Success in High DosesMore in this issue
How the School of Pharmacy's programs prepare graduates for thriving careers in Lebanon and abroad
A rigorous program that takes a multifaceted approach to education: That’s the reason so many graduates of LAU’s School of Pharmacy (SOP) are successful in their field — in Lebanon and beyond.
“The school’s mission for academic quality is driven by continuous improvement, inter-professional and collaborative work, integrity, innovation, leadership, and public service,” says SOP Dean Imad Btaiche.
The Doctor of Pharmacy (PharmD) program boasts an intensive curriculum, accreditation and clinical practice experiences that prepare graduates for postgraduate residency, and fellowship positions leading to clinical pharmacy practice in different specialties. Below, five PharmD alumni speak about how their experiences in the program prepared them for success.
Sarah Alameddine, clinical assistant professor of pharmacy informatics at Nova Southeastern University in Florida, says LAU’s PharmD program is effective because it is so challenging. “No one can deny that the curriculum is tough,” she says. “But I realized how strong and well drafted the pharmacy curriculum was when I felt competent and confident enough to apply for post-graduate programs in the US. I got accepted into the Pharmacy Informatics Fellowship Program as the only research fellow from a big pool of national and international applicants.”

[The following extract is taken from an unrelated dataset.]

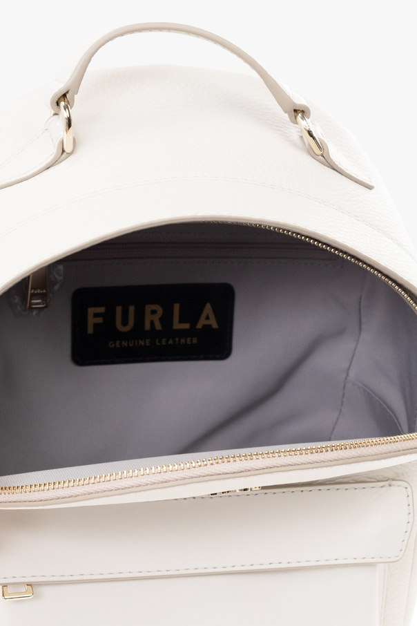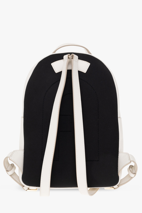 Cream ‘Favola Small’ backpack from Furla. Crafted from leather, this design secures with a zipper and features a zip pocket accompanied at front with a metal logo plaque, a half-round handle, adjustable shoulder straps, gold-tone metal hardware and one internal compartment with a zip pocket.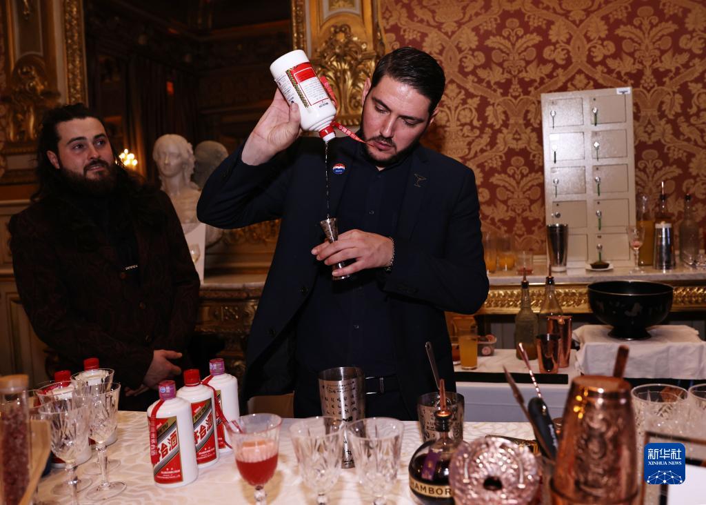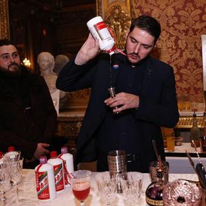 11月20日,在位于巴黎的法國外交部舉行的LA LISTE國際美食榜單揭曉活動現場,調酒師制作茅臺雞尾酒。

Louis Lteif, assistant professor of pharmacy practice in infectious diseases and board-certified pharmacotherapy specialist at the University of Hawaii in Hilo, concurs. “The program is very intense and robust, covering diverse topics in-depth and ensuring students have a deep understanding of disease states beyond the basics,” he says. “I believe this is vital to securing clinical specialty positions, as pharmacy is continuously advancing, and pharmacists are now expected to know more than just about medications.”
LAU’s PharmD program is geared to provide built-in opportunities for graduates in diverse fields and settings. It holds itself to the advanced standards of pharmacy education in line with the American Accreditation Council for Pharmacy Education (ACPE).
“The transition was smooth with no major roadblocks,” says Cynthia El Rahi, clinical pharmacy specialist and board-certified oncology specialist at Houston Methodist in Texas. And because the school is a member of the American Association of Colleges of Pharmacy (AACP), licensing becomes much easier.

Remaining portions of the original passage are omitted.